In regards to Claim 14, Donderici in view of Shelhamer teaches the system of Claim 13, and Donderici and Shelhamer further teach wherein the first time for generating the first prediction is indicative of current availability of computational resources of the processor of the SDC (Donderici, Para. 0027, 0035, 0040, 0133, 0137-0138 – wherein machine learning model may select a compute path based on the “desired reaction time” to “achieve a more predictable/stable processing time and/or latency/delay” to achieve a “reduction in compute” and thus “consume less compute”, or resources; Shelhamer, Para. 0029, 0032, 0045, 0051-0052, 0073, 0088 – employing a “time threshold” for “predictions of objects portrayed in the digital images” based on “computation budget”).

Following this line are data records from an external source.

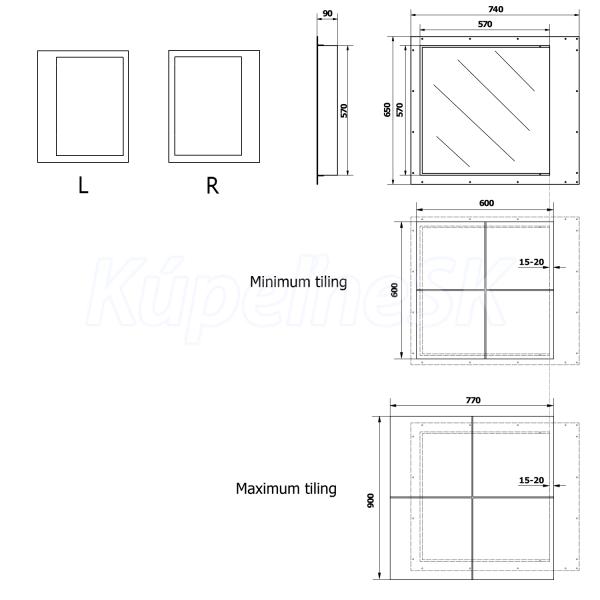 Sapho ZARZ revízne dvierka pod obklady 60x60cm, otváranie click-clack, podporné kolieska Z
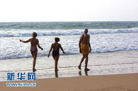 2月26日,在斯里兰卡首都科伦坡以南约60公里的本托特,三名外国游客在海滩散步。(作者:刘咏秋)
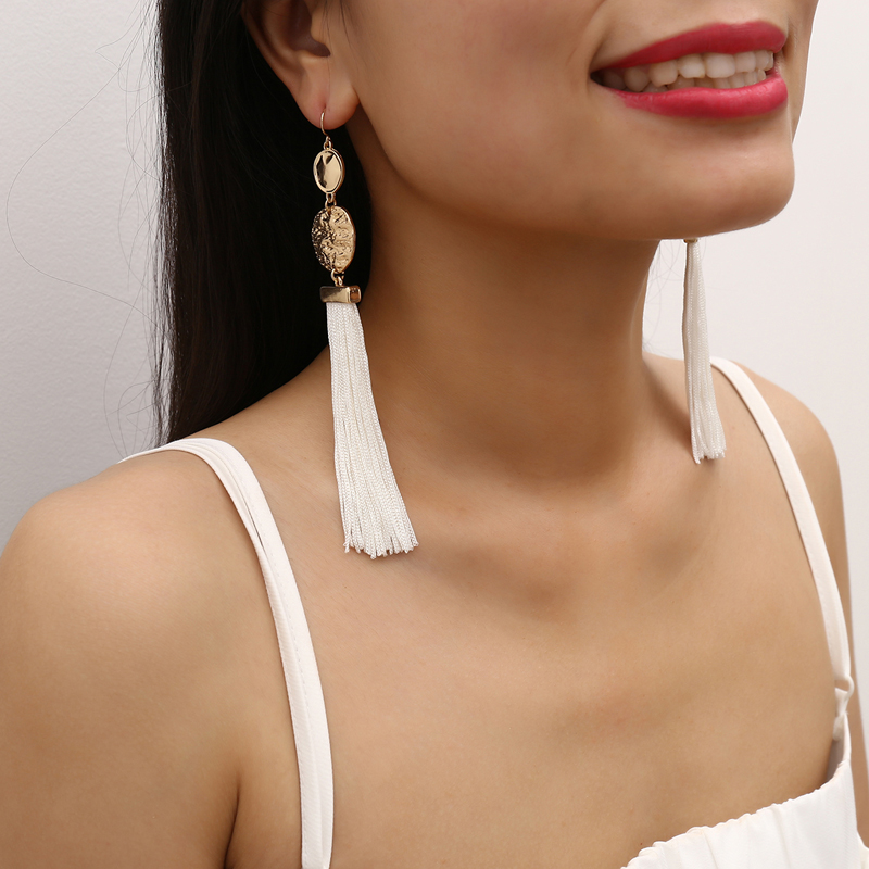String spike tassel earrings Female European and American temperament fairy Bohemian goddess charm long earrings
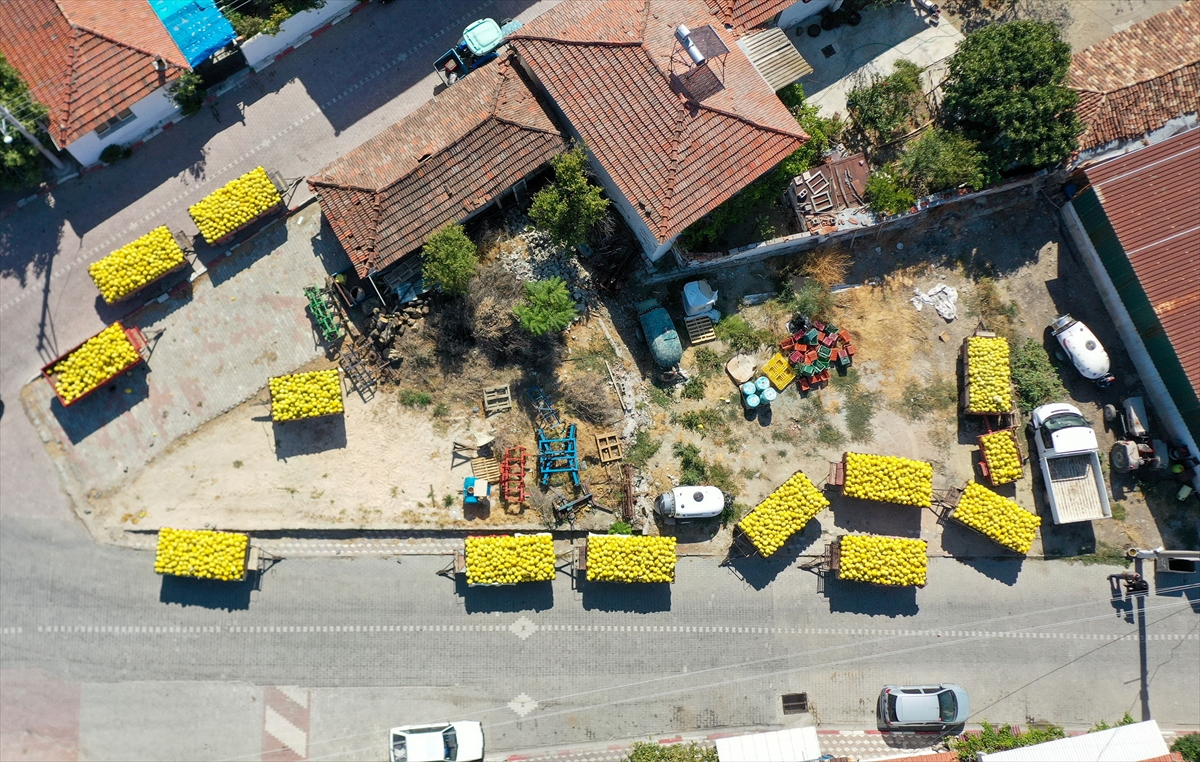 Bölgeye özgü “sarı dilim” türü kavunları hasat eden üreticiler, traktör römorklarına yükledikleri ürünleri mahalle sokaklarına park ederek satışa sunuyor.
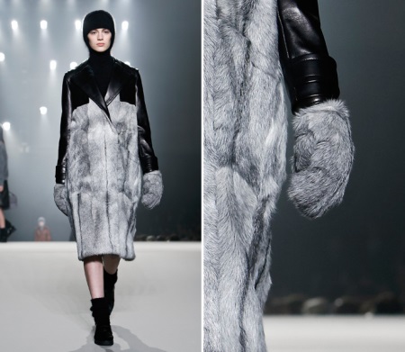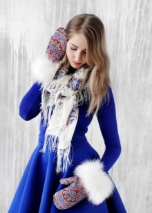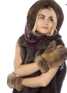 Mittens can be worn on a fur vest, a jacket with a fur edge, and a down jacket. Ideally, all fur elements in one image should be made of the same furs. This image looks as solid and harmonious as possible.
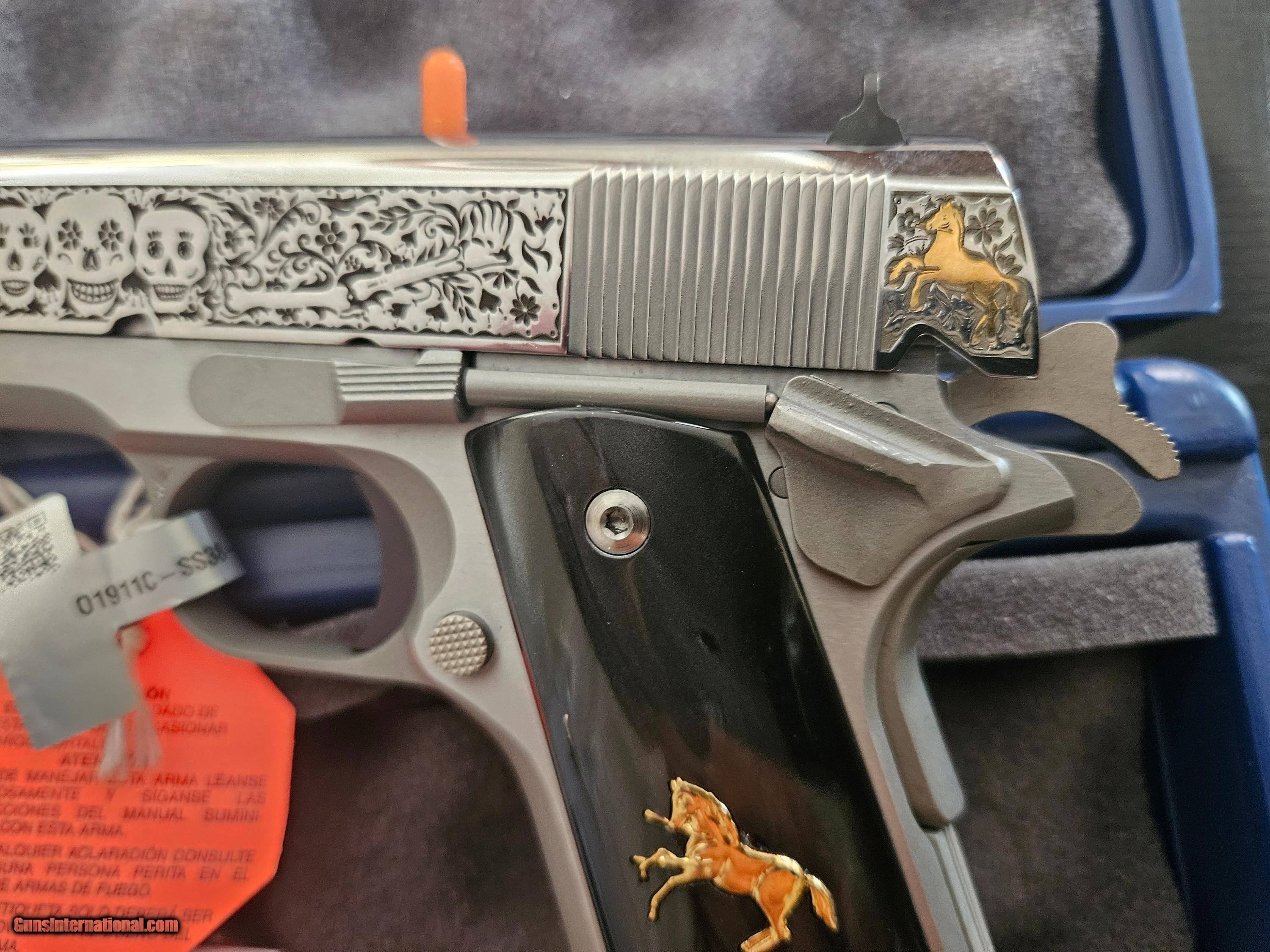 Description: Colt Talo 38 Super Day of the Dead that is NIC with Paperwork. One of 500 produced. Credit Cards add 3%. Shipping and Insurance is 35.00. SOLD Handgun Caliber: .38 Super Auto |

In regards to Claim 15, Donderici in view of Shelhamer teaches the system of Claim 13, and Donderici further teaches wherein the at least one processor (Donderici, Para. 0047 – “one or more processors”) further causes the system to train each one of the plurality of ML models (Donderici, Para. 0055 and 0059 – “AI/ML platform 154 can provide the infrastructure for training and evaluating machine learning algorithms for operating the AV 102”), by:
generating a training set of data comprising a plurality of training digital objects, a given one of which includes: (i) training sensed data representative of training surroundings of the SDC; and (ii) a respective label representative of the object class and location of at least one training object in the training surrounding of the SDC (Donderici, Para. 0071-0072 – “training data that includes images and/or labels”, for example “each training image having a label indicating the classes of the one or more objects or features in each image (e.g., indicating to the network what the objects are and what features they have)”); and
feeding the training data to the plurality of ML models (Donderici, Para. 0071-0072 – “the neural network can be trained using training data”), the feeding comprising:
to the first ML model of the plurality of ML models, feeding the training data (Donderici, Fig. 5 and Para. 0066-0072 – “the neural network 210 can be trained using training data”, where neural network 210 is an exemplary neural network; for example “neural network 502” can be trained using training data);
to the given sequential ML model following the first ML model, feeding, by the processor: (i) the training data and (ii) a respective training prediction generated by an ML model preceding the given sequential one (Donderici, Fig. 5 and Para. 0071-0072, 0119, 0134 – neural network 510, which is placed successively after neural network 502 as shown in Fig. 5, “can be trained using a cluster of scene features determined and/or processed by the neural network model 502”, i.e. “an output of the neural network model 502” in addition to “a training dataset” cited above); and
optimizing, for each one of the plurality of ML models, a respective difference between the respective training prediction thereof and the respective label, thereby training each one of the plurality of ML models to detect the objects on the surroundings of the SDC (Donderici, Para. 0071-0077 – wherein the “goal of training is to minimize the amount of loss so that the predicted output is the same as the training label” in order to accurately determine “objects or features in each image”).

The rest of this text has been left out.